«Nella mattinata di oggi è deceduto all’età di 94 anni Furio Colombo, assistito dalla moglie Alice e dalla figlia Daria». Questo il comunicato che la famiglia ha diffuso, dando notizia della scomparsa del giornalista. Valdostano, nato a Châtillon il 1° gennaio 1931, Colombo è stato uno degli uomini di punta della stampa italiana tra la seconda metà del ’900 e gli anni Duemila.
Dopo la laurea in giurisprudenza, conseguita all’Università degli Studi di Torino, scelse d’intraprendere la carriera giornalistica, muovendo i primi passi in Rai negli anni ’50, prendendo il tesserino come professionista nel 1967. Otto anni più tardi, nel 1975, firmerà per La Stampa l’ultima intervista rilasciata da Pier Paolo Pasolini prima del suo assassinio, il 2 novembre dello stesso anno.
Corrispondente dagli Stati Uniti per il quotidiano torinese, prima, e per La Repubblica, poi, di cui diventò editorialista di punta, la sua permanenza negli Usa, che hanno sempre rappresentato per Colombo un importante punto di riferimento culturale e politico, lo porterà a collaborare con una tra le più prestigiose testate americane, il New York Times, e a insegnare giornalismo presso la Columbia University di New York e l’Università della California – Berkeley. Ma è stato anche presidente di Fiat America negli anni '80 dimostrando anche qualità di manager.

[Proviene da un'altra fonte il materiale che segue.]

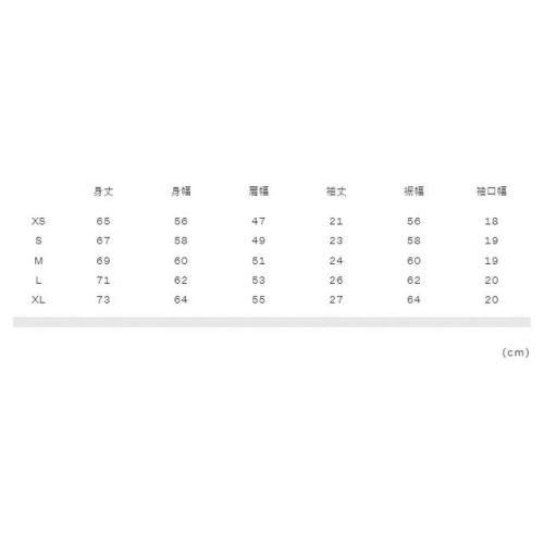 XS:身丈65、身幅56、肩幅47、袖丈21、裾幅56、袖口幅18 S:身丈67、身幅58、肩幅49、袖丈23、裾幅58、袖口幅19 M:身丈69、身幅60、肩幅51、袖丈24、裾幅60、袖口幅19 L:身丈71、身幅62、肩幅53、袖丈26、裾幅62、袖口幅20 XL:身丈73、身幅64、肩幅55、袖丈27、裾幅64、袖口幅20 |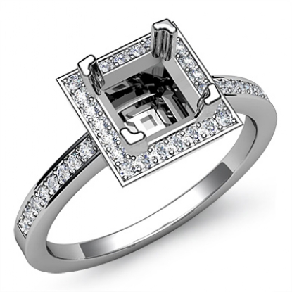 1Ct Diamond Engagement Ring Halo Setting 14k White Gold Princess Shape SemiMount

Parallelamente all’attività giornalistica e manageriale, dal 1996 al 2001, Colombo si dedicò anche alla politica, sedendo tra le file del Partito Democratico della Sinistra (dal 1998 Democratici di Sinistra, ndr.) alla Camera dei Deputati durante la “stagione dell’Ulivo”, che vide susseguirsi a Palazzo Chigi tre esponenti del centrosinistra: Romano Prodi, Massimo D’Alema e Giuliano Amato.

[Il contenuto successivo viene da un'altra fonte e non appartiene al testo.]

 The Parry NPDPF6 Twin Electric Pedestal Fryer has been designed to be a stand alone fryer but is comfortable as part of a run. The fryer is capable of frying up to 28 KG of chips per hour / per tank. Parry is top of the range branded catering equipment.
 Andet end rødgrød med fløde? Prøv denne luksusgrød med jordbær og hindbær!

Terminata la sua prima esperienza parlamentare, nel 2001 Furio Colombo viene nominato direttore dell’Unità, incarico che mantiene fino al 2005 prima di essere sostituito dal condirettore Antonio Padellaro. All’epoca, il quotidiano fondato da Antonio Gramsci il 12 febbraio 1924 era l’organo ufficiale dei Ds e la direzione di Colombo coincise col ritorno al governo di Silvio Berlusconi, del quale fu tra i più forti oppositori. Tuttavia, non mancarono dissapori anche col gruppo dirigente dell’epoca del centrosinistra, verso cui non lesinò aspre critiche. Ciò lo indusse, nel luglio 2007, a candidarsi alla segreteria del nascente Partito Democratico, facendo leva sul forte antiberlusconismo che aveva animato la sua esperienza all’Unità e il sostegno dato al movimento dei “girotondi”, movimento d’opposizione ai due governi guidati dal Cavaliere nella legislatura 2001-2006. Ma già il 1° agosto, a causa di problemi burocratici per la presentazione di alcuni documenti in formato non originale, dovette rinunciare alla candidatura.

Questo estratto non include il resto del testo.